Gas-assisted molding uses gas, usually nitrogen, to push out melted plastic against the mold walls and create a hollow, finished part. Gas-assist cuts resin costs, but in the case of the long, wood-filled spindles, the gas is needed just to fill the part properly, Joyce said.
The spindles are made of high density polyethylene and polypropylene filled with 40 percent wood flour. That highly loaded material has to pack into a very long, thin spindle up to 36 inches long.
Joyce said wood composites cool down quickly once inside the mold. If the melt sets up too fast, that can cause problems with flow marks, or even lack of flow, when using traditional injection molding.
``It's cooling before you're even starting to push it,'' he said. ``But with the gas-assist process, you have the ability to push that material right into the mold.''
The gas quickly packs out the part, giving a good surface appearance. The wood is encapsulated in the plastic.
As sales rocket for wood composite decking, demand also has grown for matching railing. Other wood-plastic spindles are made by first extruding or blow molding the basic shape, then post-forming it into a contoured spindle.
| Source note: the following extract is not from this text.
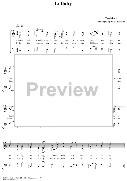 Digital Sheet Music for Lullaby by William E. Hickson, Traditional scored for Three-part Mixed Chorus; id:261390
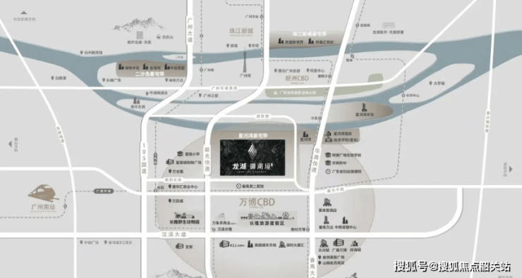 龙湖御湖境所在的番禺星河湾滨江板块,处于广州中轴南延线上,串联珠江新城、琶洲、万博三大核心CBD,是湾区产城融合发展的缩影。万博CBD作为番禺产业高地,聚集了大量互联网、科创企业,而滨江板块则承接了产业人群的高端居住需求,形成“产业+居住”的良性互动。

But Joyce said that process can tear the wood fibers or create condensation inside the part.
Some suppliers extrude a solid spindle shape, but Joyce said those shapes can't be given an ornamental look.
As for ornamental, Joyce visualizes exotic post-caps in the shape of pineapples, lions heads, golf balls, all made by gas-assisted injection molding to look like carved wood pieces.
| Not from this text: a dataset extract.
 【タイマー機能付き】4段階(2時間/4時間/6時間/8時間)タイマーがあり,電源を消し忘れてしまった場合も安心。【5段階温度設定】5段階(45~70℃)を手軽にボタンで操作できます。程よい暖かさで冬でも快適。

An enthusiastic inventor, Joyce brings a background in machine technology, materials and wood-plastic composites to the spindle product. In the early 1990s, he left Allen-Bradley for Plastic Machinery Enterprises, where he tried to develop a way to extrude sheet made with waste wood and polypropylene for thermoforming. After attempting to get financial assistance from Michigan, Joyce closed the business in 2002 and worked for compounder Asahi Thermofil Inc., where he was assigned an account for gas-assisted molding appliance handles.
As Joyce learned more, he thought gas-assist would be ideal for making spindles for railing. He left Asahi in 2004 to work on the spindle full-time, and start Innovative Plastics and Molding in Lambertville, Mich.
Before Joyce made contact with Gain, he took the spindle idea to another gas-assist supplier. ``But they couldn't do it,'' he said. ``I had surface appearance issues, I had mold flow marks, dispersion issues, you name it.''
Gain molded IMP's sample parts. In addition to spindles and post-caps, Joyce thinks gas-assist molding of wood composites could make other thin, hard-to-fill parts, such as steering wheels for boats and riding lawn mowers.
Gain has focused on plastic auto parts and the spindles are a ``fantastic'' opportunity to help it diversify beyond automotive, said Gain Vice President and General Manager Jim Byrd.
``What we want to do is, with proprietary products like Bob's, we can take it from the idea to a finished part,'' Byrd said.